Scorecards: Logistic, Ridge and Logic Regression

In the context of credit scoring, one tries to develop a predictive model using a regression formula such as Y = Σ w_i R_i, where Y is the logarithm of odds ratio (fraud vs. non fraud). In a different but related framework, we are dealing with a logistic regression where Y is binary, e.g. Y = 1 means fraudulent transaction, Y = 0 means non fraudulent. The variables R_i, also referred to as fraud rules, are binary flags, e.g.

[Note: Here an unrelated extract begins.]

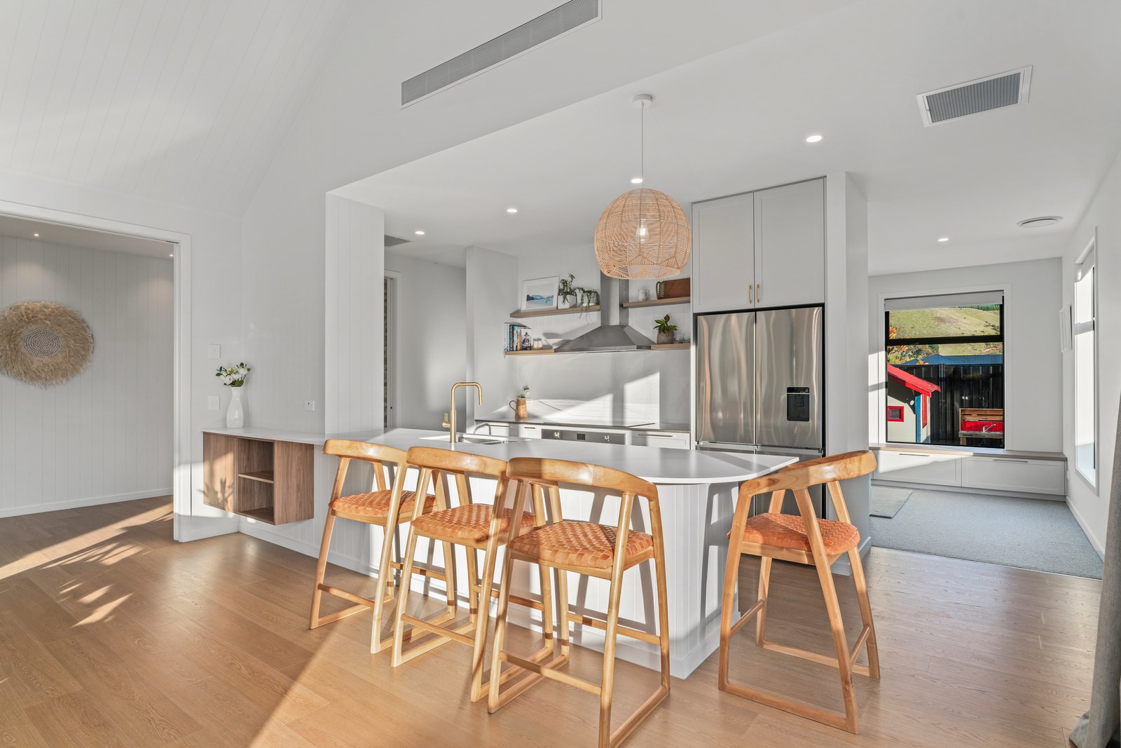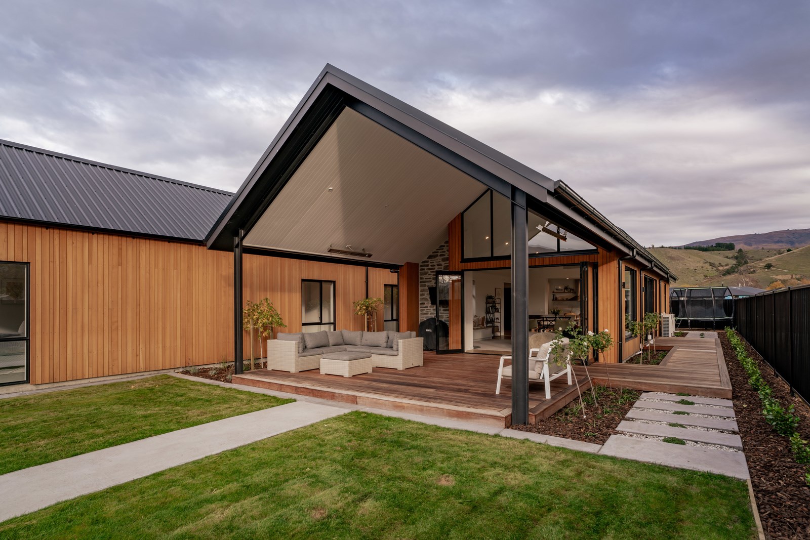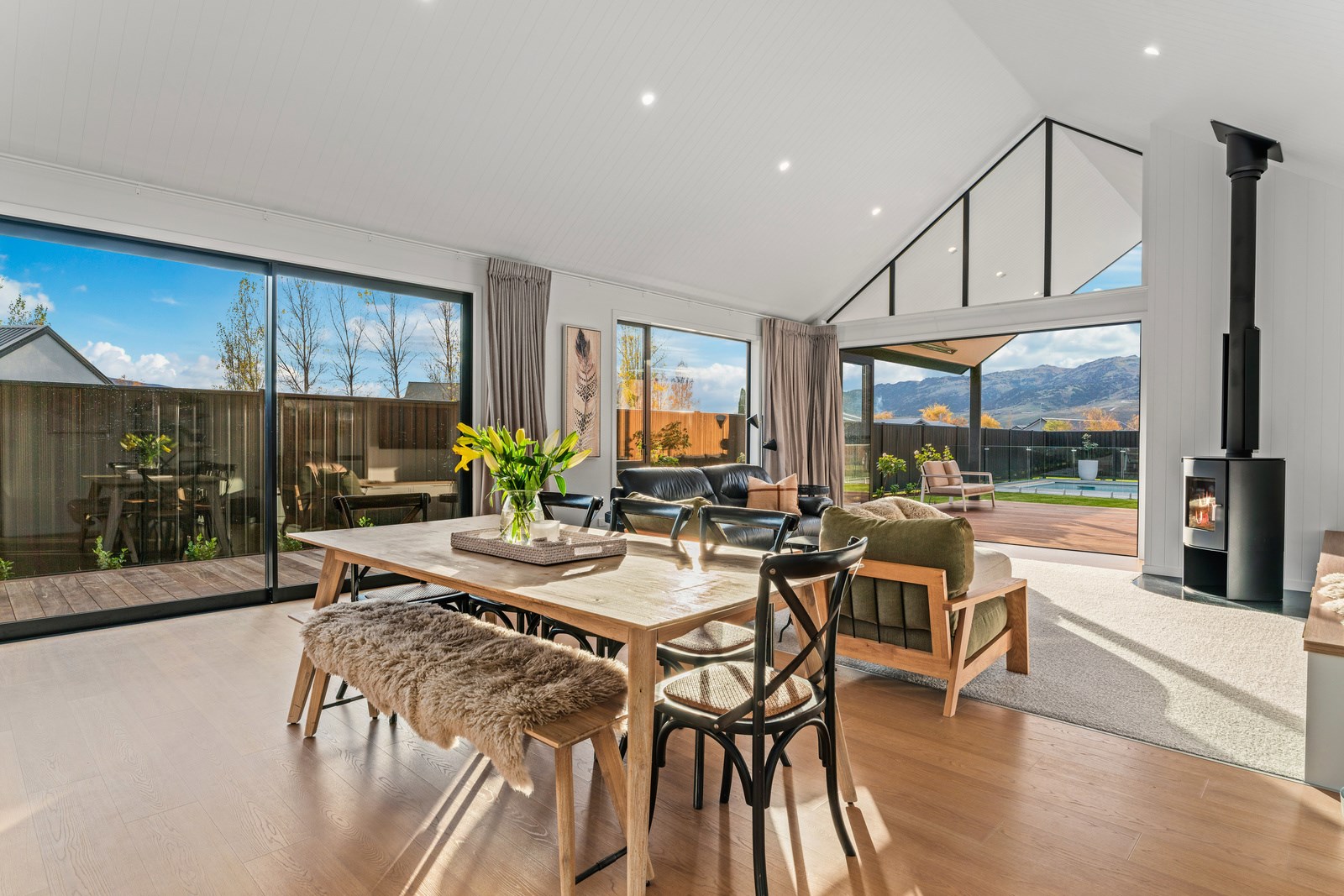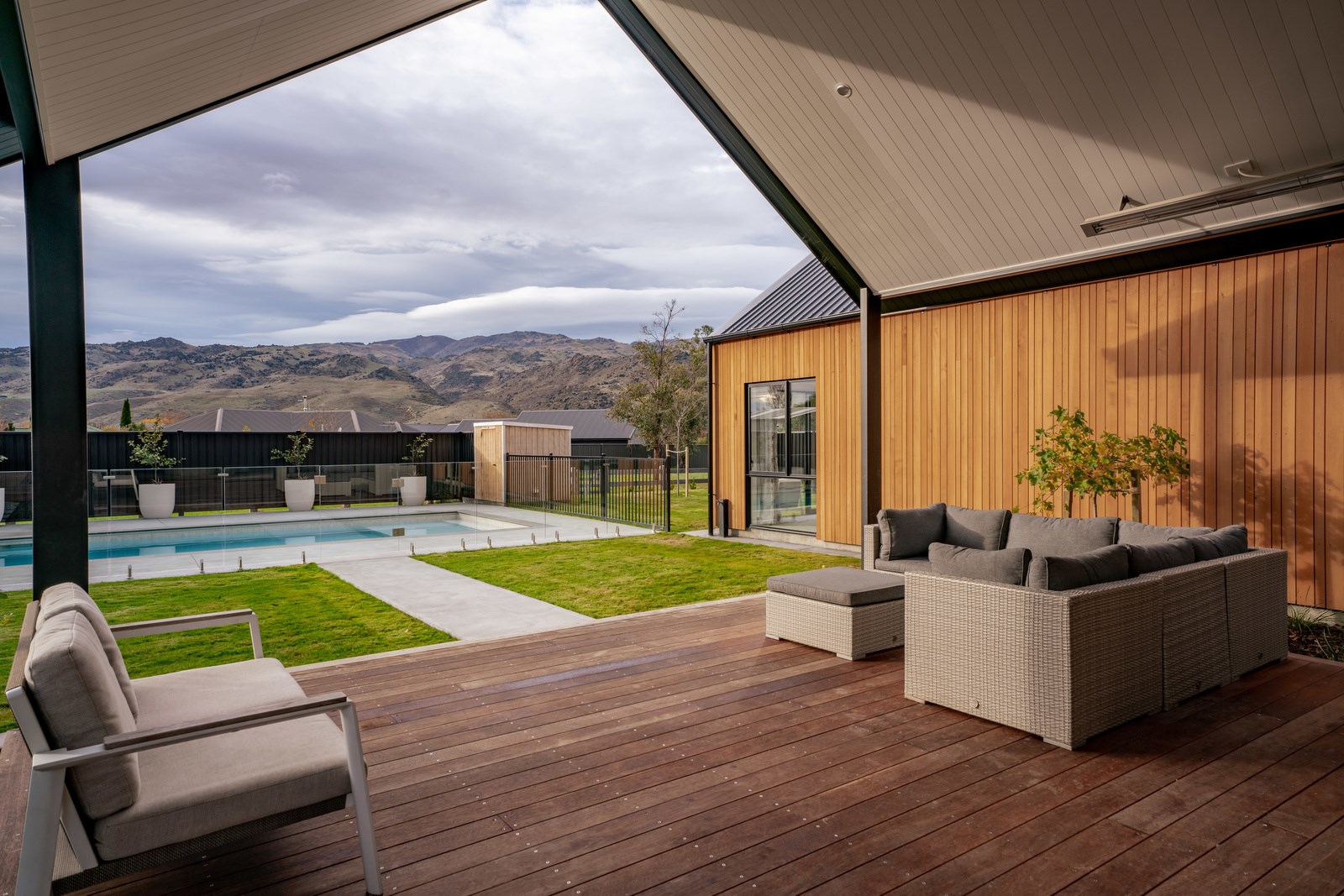 Mountain ranges are constant companions to those lucky enough to live in and around Cromwell, but this impressive 293sqm home also has a strong relationship to water. The four-bedroom house lounges across a site within cooee of Lake Dunstan and has an in-ground swimming pool. They’re game-changers in the middle of a searing Central Otago summer. With so much going for it in terms of the great outdoors, you’d think the interior might pale into insignificance, but that’s far from the case here. Craftsmanship and special details abound, starting with the exterior entrance clad with cedar gables and a wall of Wānaka schist. Inside, the lobby echoes the exterior with more timber and stone. To the left is the living pavilion with cathedral ceilings, clerestory window and designer kitchen with pantry. This is also the gateway to the loggia that looks out to the pool and across to hills in the distance. Turn right and you’ll come across the bedrooms, including the main suite with raking ceiling, walk-in robe and ensuite. The builders’ attention to detail is evident wherever you look — in the snug, study, garage, attic, feature walls and even in the recess window that frames a tree. A log burner, heat-pump system and solar panels keep things toasty.

high dollar amount transaction
high risk country
high risk merchant category

This is the first order model. The second order model involves cross products R_i x R_j to correct for rule interactions. The purpose of this question is to how best compute the regression coefficients w_i, also referred to as rule weights. The issue is that rules substantially overlap, making the regression approach highly unstable. One approach consists of constraining the weights, forcing them to be binary (0/1) or to be of the same sign as the correlation between the associated rule and the dependent variable Y. This approach is related to ridge regression. We are wondering what are the best solutions and software to handle this problem, given the fact that the variables are binary.
Note that when the weights are binary, this is a typical combinatorial optimization problem. When the weights are constrained to be linearly independent over the set of integer numbers, then each Σ w_i R_i (sometimes called unscaled score) corresponds to one unique combination of rules. It also uniquely represents a final node of the underlying decision tree defined by the rules.
Contributions:

From Mark Hansen:
When the rules are binary, the problem is known as logic regression.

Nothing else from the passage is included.